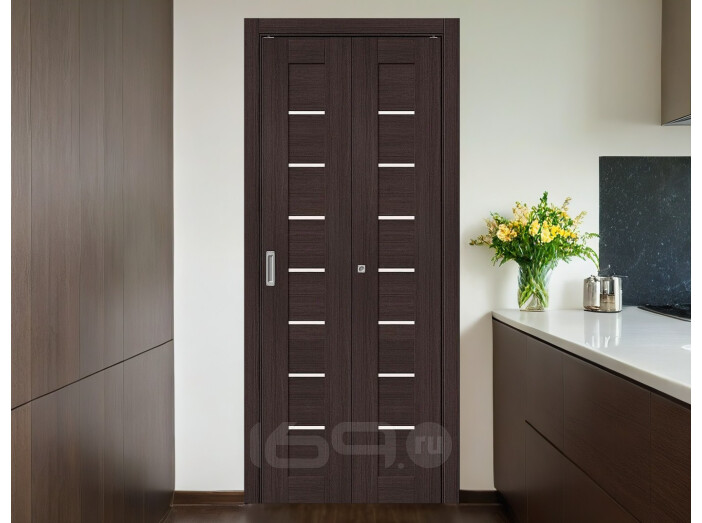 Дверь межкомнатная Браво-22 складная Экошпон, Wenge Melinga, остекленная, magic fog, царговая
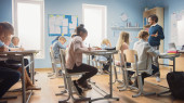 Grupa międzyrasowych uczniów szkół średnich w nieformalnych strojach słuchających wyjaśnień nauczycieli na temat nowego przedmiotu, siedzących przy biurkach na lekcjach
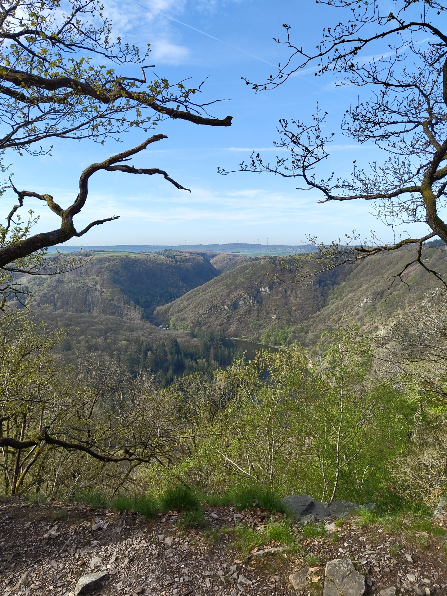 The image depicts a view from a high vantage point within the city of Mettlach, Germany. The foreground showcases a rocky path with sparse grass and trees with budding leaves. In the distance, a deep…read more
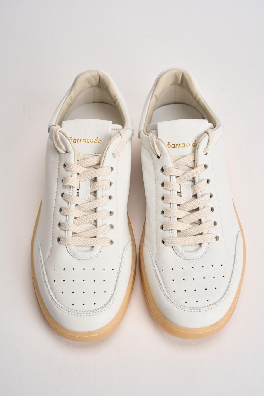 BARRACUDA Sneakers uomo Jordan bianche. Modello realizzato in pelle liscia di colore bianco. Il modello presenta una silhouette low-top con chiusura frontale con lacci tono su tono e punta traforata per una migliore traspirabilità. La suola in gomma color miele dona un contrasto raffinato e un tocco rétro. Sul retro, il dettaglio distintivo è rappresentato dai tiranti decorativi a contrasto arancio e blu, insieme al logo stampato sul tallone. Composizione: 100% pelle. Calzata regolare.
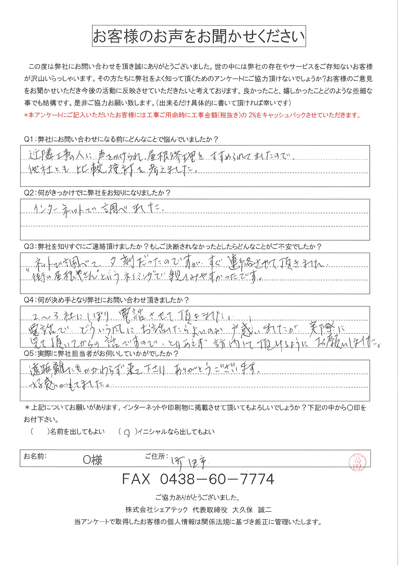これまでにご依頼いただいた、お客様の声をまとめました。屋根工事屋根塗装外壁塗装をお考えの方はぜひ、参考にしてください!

========================================================================

Your reply should hold only the records, duplicated exactly, without any image.

 Дверь межкомнатная Браво-22 складная Экошпон, Wenge Melinga, остекленная, magic fog, царговая
 Grupa międzyrasowych uczniów szkół średnich w nieformalnych strojach słuchających wyjaśnień nauczycieli na temat nowego przedmiotu, siedzących przy biurkach na lekcjach
 The image depicts a view from a high vantage point within the city of Mettlach, Germany. The foreground showcases a rocky path with sparse grass and trees with budding leaves. In the distance, a deep…read more
 BARRACUDA Sneakers uomo Jordan bianche. Modello realizzato in pelle liscia di colore bianco. Il modello presenta una silhouette low-top con chiusura frontale con lacci tono su tono e punta traforata per una migliore traspirabilità. La suola in gomma color miele dona un contrasto raffinato e un tocco rétro. Sul retro, il dettaglio distintivo è rappresentato dai tiranti decorativi a contrasto arancio e blu, insieme al logo stampato sul tallone. Composizione: 100% pelle. Calzata regolare.
これまでにご依頼いただいた、お客様の声をまとめました。屋根工事屋根塗装外壁塗装をお考えの方はぜひ、参考にしてください!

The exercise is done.